▸ **Work to complete**
Copy the lines below, word for word, from the first through the line containing "a perfect fit!". Leave the pictures out.

▸ **Data excerpt**
[Start of Attachment]

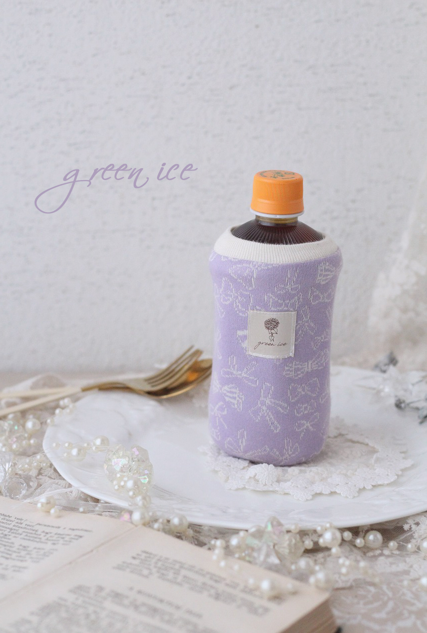 ・ミニリバーシブルペットボトルカバー<パープルリボン>
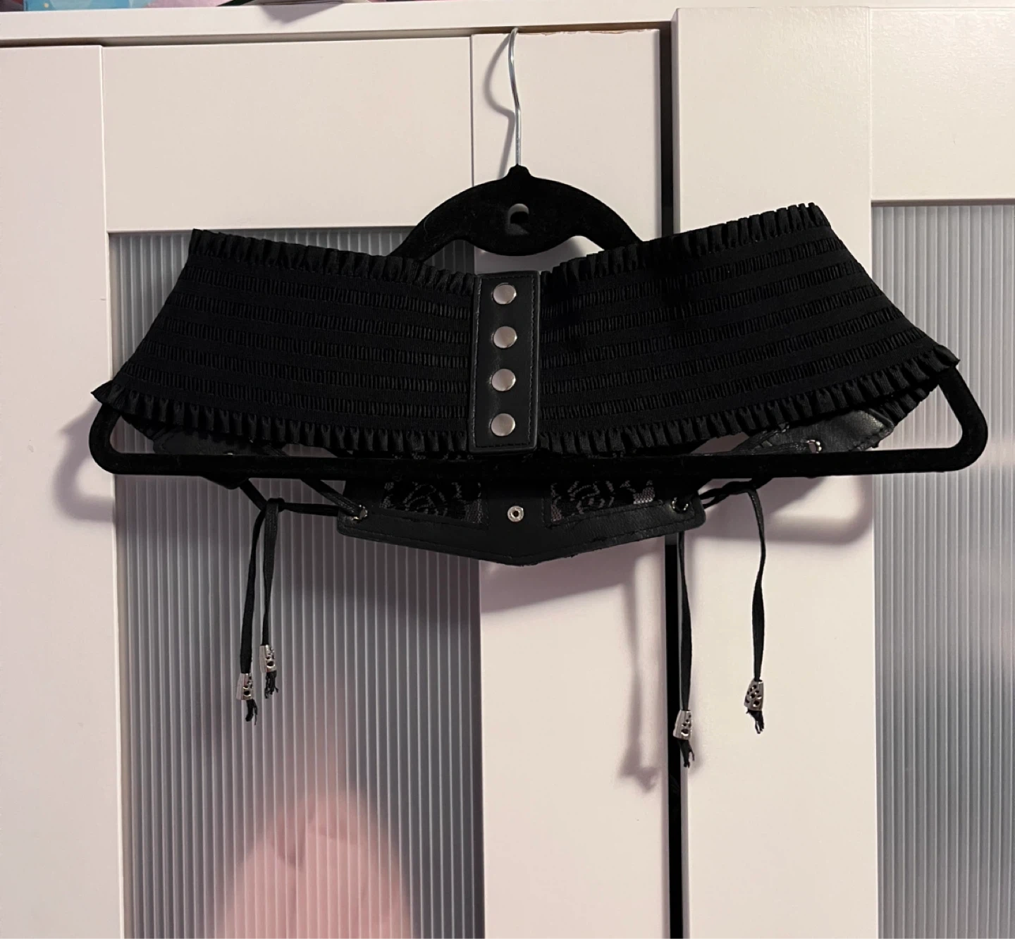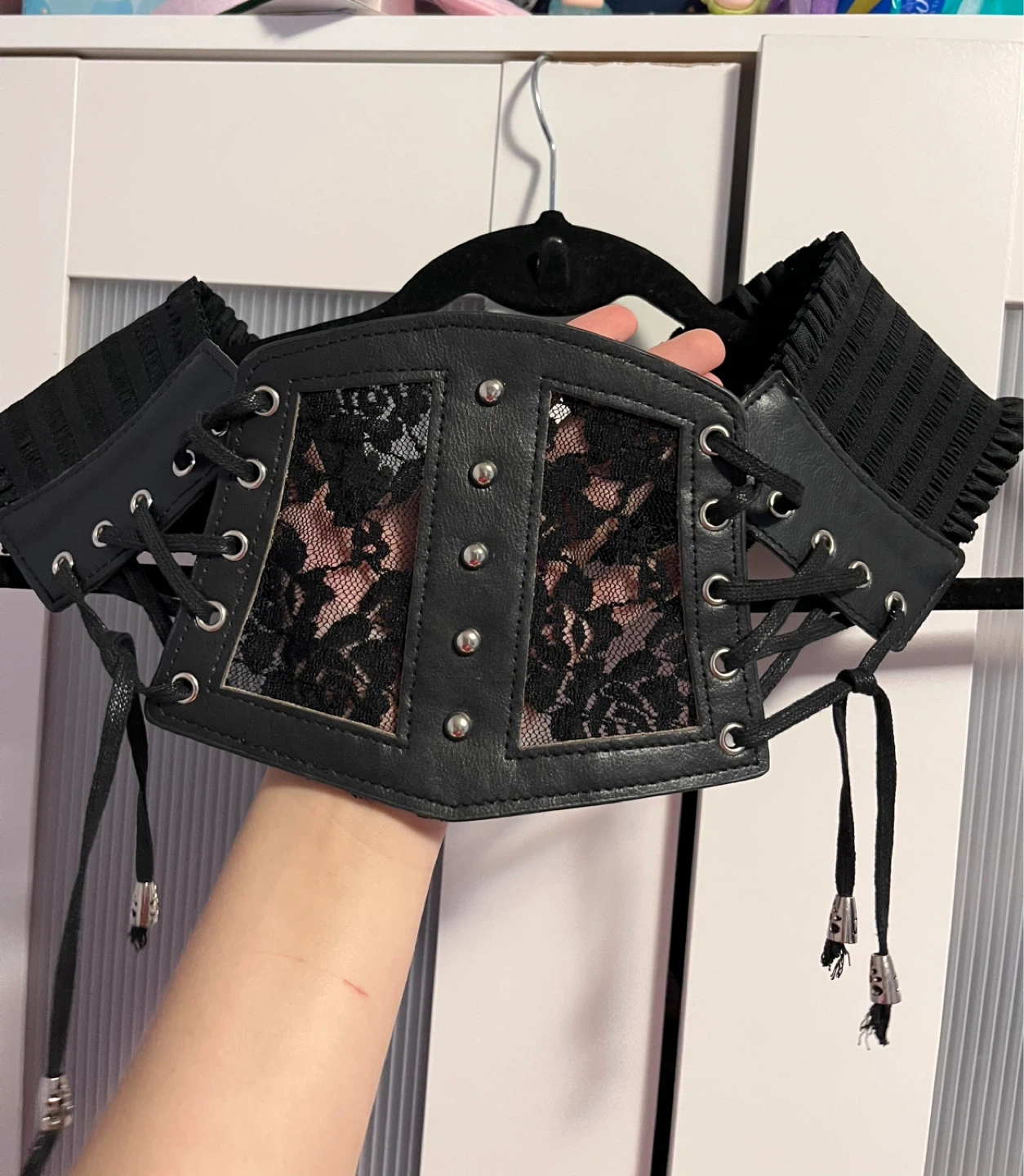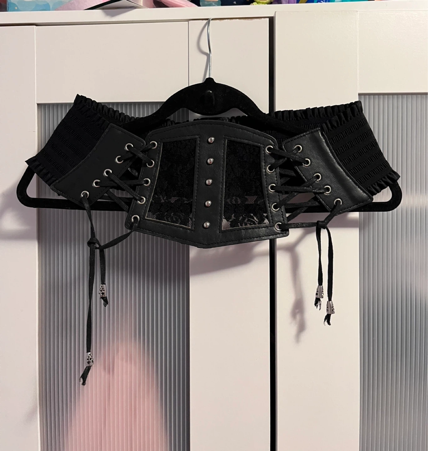 ✨I wore it once to a Stray Kids concert✨Cute black corset belt with lace detailing! It's in great condition and would look great with a variety of outfits. The corset has adjustable ties for a perfect fit!
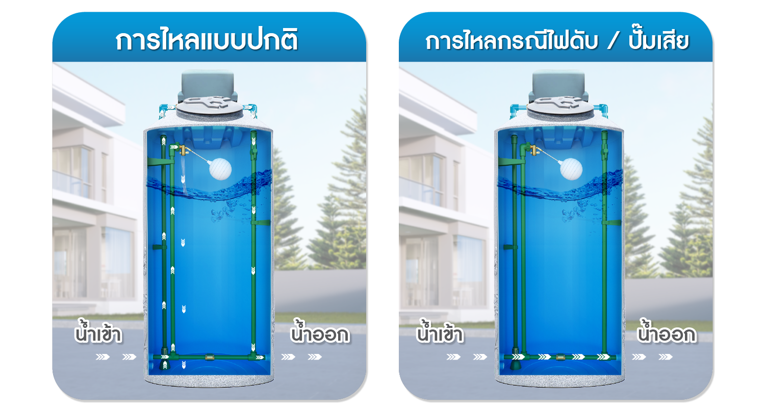 โดยปกติถังเก็บน้ำทั่วไป เมื่อเกิดเหตุไฟดับหรือปั๊มชำรุดก็จะไม่มีน้ำไว้ใช้ เพราะเป็นการต่อน้ำแบบระบบเดียว… ดังนั้นจึงต้องต่อท่อให้เดินน้ำแบบ 2 ระบบ เพื่อให้น้ำสามารถไหลได้ แต่ก็ต้องเสียค่าใช้จ่ายในการซื้อท่อมาเสริม และยังเปลืองพื้นที่อีกด้วย  แต่ปัญหานี้จะไม่เกิดขึ้นกับ ถังเก็บน้ำคู่ปั๊ม เพราะถูกออกแบบมาให้มีการเดินน้ำแบบ 2 ระบบ(AUTO DIRECTED BYPASS ) ภายในตัวถัง หมดปัญหาน้ำไม่ไหล กรณี ไฟดับหรือปั๊มเกิดขัดคล่อง อุ่นใจได้ น้ำไหลตลอดแน่นอน

[End of Attachment]

▸ **Answer box**
 ・ミニリバーシブルペットボトルカバー<パープルリボン>
 ✨I wore it once to a Stray Kids concert✨Cute black corset belt with lace detailing! It's in great condition and would look great with a variety of outfits. The corset has adjustable ties for a perfect fit!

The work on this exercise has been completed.